The graph of the function you wrote, `g( x ) = 2 + 2x ,` is a straight line. Between `x = 0 ` and `x = 2` it is a straight line segment from `( 0 , 2 )` to `( 2 , 6 ) .` Its length is clearly `sqrt ( 2^2 + 4^2 ) = sqrt ( 20 ) = 2 sqrt ( 5 ) .`

It is too simple, so I suppose your `f ( x ) = 2 + 2^x .` Here we need to use the formula `L = int_a^b sqrt ( 1 + ( f ' ( x ) )^2 ) dx ` for `a = 0 , ` `b = 2 .`

We see `f ' ( x ) = 2^x * ln 2 ,` so the integral is `L = int_0^2 sqrt ( 1 + 4^x * ln^2 2 ) dx .`

It is not so simple but possible to compute in exact form.

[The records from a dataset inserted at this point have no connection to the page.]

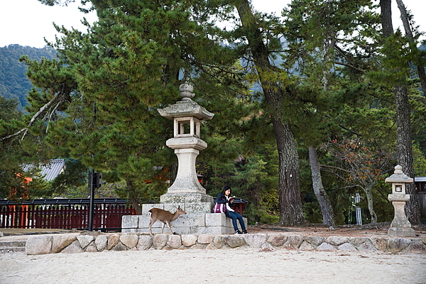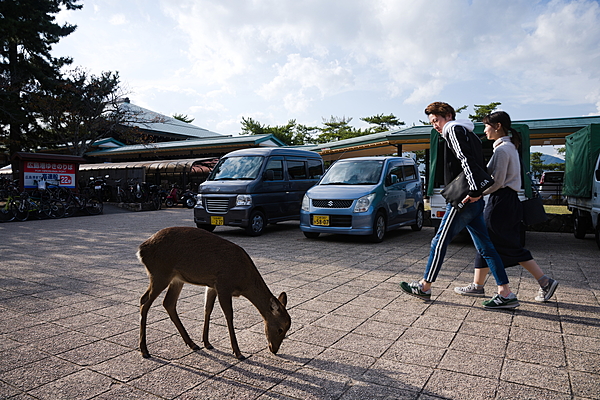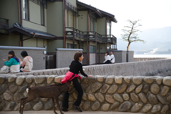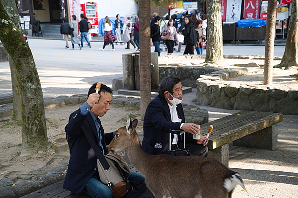 Als ich dann endlich auf Miyajima erreicht hatte, war es bereits nachmittag. So richtig viel Zeit blieb mir also nicht mehr bis zum Sonnenuntergang, aber auch kein Grund, sich zu stressen. Direkt hinter dem Bootsanleger gibt es einen größeren Parkplatz und hier wurde ich an ein Detail über die Insel erinnert, das ich vergessen hatte: Ähnlich wie in Nara ist die Insel von extrem zutraulichen Wild bevölkert, das auch hier schon langsam eher zu einer Plage wird.
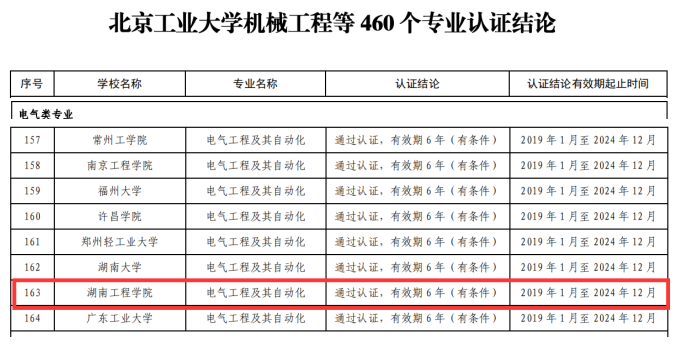 我校电气工程及其自动化专业是湖南省二本院校同类专业中第一个获得认证通过的专业,体现出我校专业建设工作取得了重要成果,同时也是学校在工程教育认证道路上迈出的重要一步。今后,学校将继续以工程教育专业认证为契机,推进落实“以学生为中心、成果导向、持续改进”的教育理念,深化教育教学改革,强化专业内涵建设,持续提升人才培养质量,不断向社会输送高素质工程技术人才。
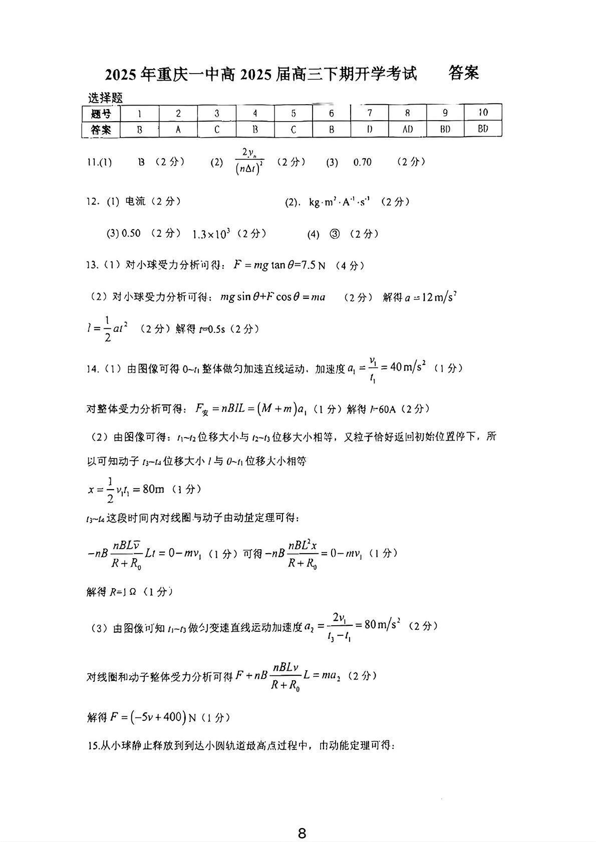 重庆市第一中学2024-2025学年下学期2月高三开学考试物理答案
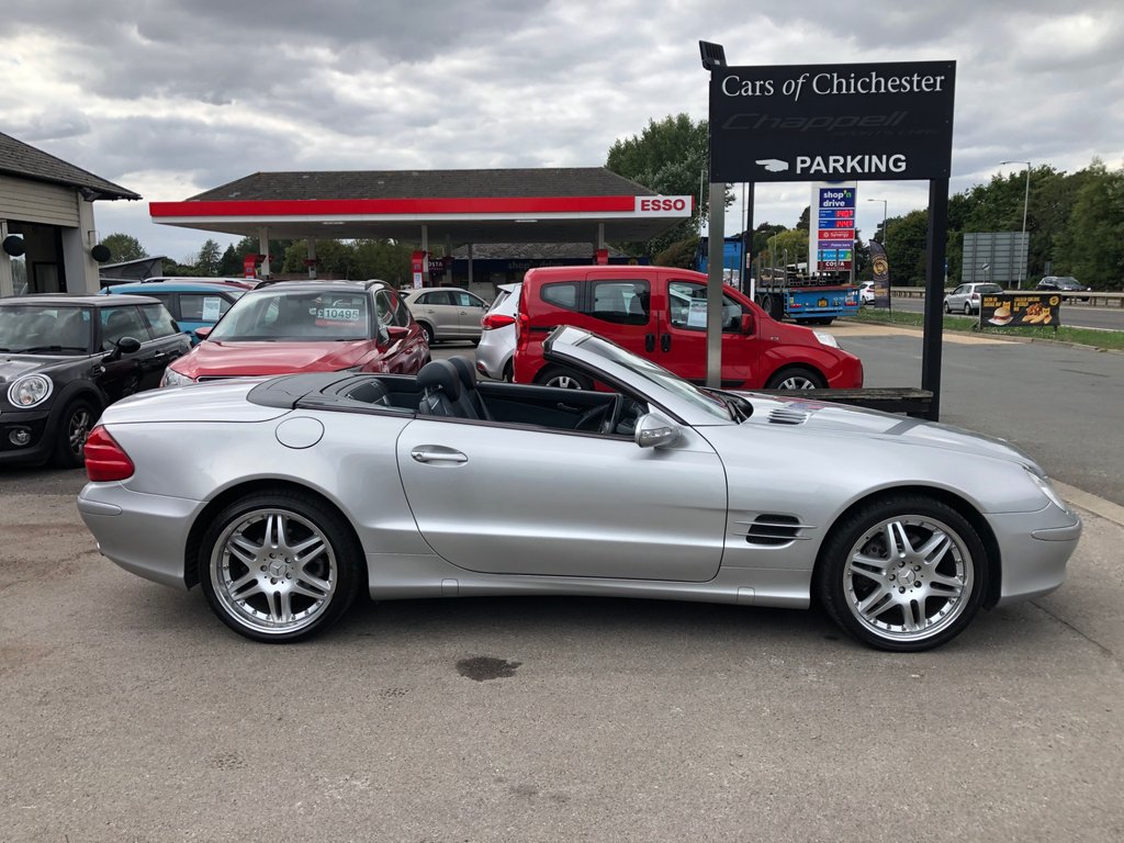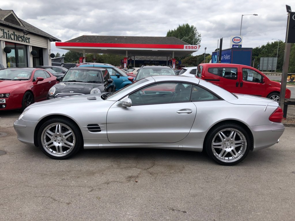 Here we have a 2003 Mercedes SL500 V8 automatic petrol convertible featured in Brilliant Silver Metallic which has covered 87,000 miles. Serviced at 11,000, 23,000, 40,000, 50,000, 59,000, 67,000, 76,000, 81,000 and 85,000 the majority being with a Mercedes main dealers. Specification includes Satnav, heatged electric seats, BOSE sound system, full grey leather, 6CD changer, front fog lights, centre armrest, cruise control, speed limiter, folding mirrors, fully electric roof, headlamp washers, remote central locking with 2 keys. In good condition inside and out; drives well. All of our cars come with a national parts and labour warranty. We also offer finance and a part exchange service. HPI checked and we do not charge admin fees. To find out more visit carsofchichester.co.uk or call us on 01243781111.

Substitute `u = 4^x ln^2 2,` then `du = 4^x ln^2 2 ln 4 dx = 2 ln 2 u dx ,` `u` is changing from `ln^2 2` to `16 ln^2 2.` The integral becomes

`int_(ln^2 2)^(16 ln^2 2) sqrt( 1 + u ) / ( 2 ln 2 u ) du .`

It is more or less a table integral, which is equal to

`(1/(2ln2) (2sqrt(u+1) + ln(sqrt(u+1)+1) - ln(sqrt(u+1) - 1))_(u=ln^2 2)^(16 ln^2 2).`

The approximate value of this nasty expression is **3.66**.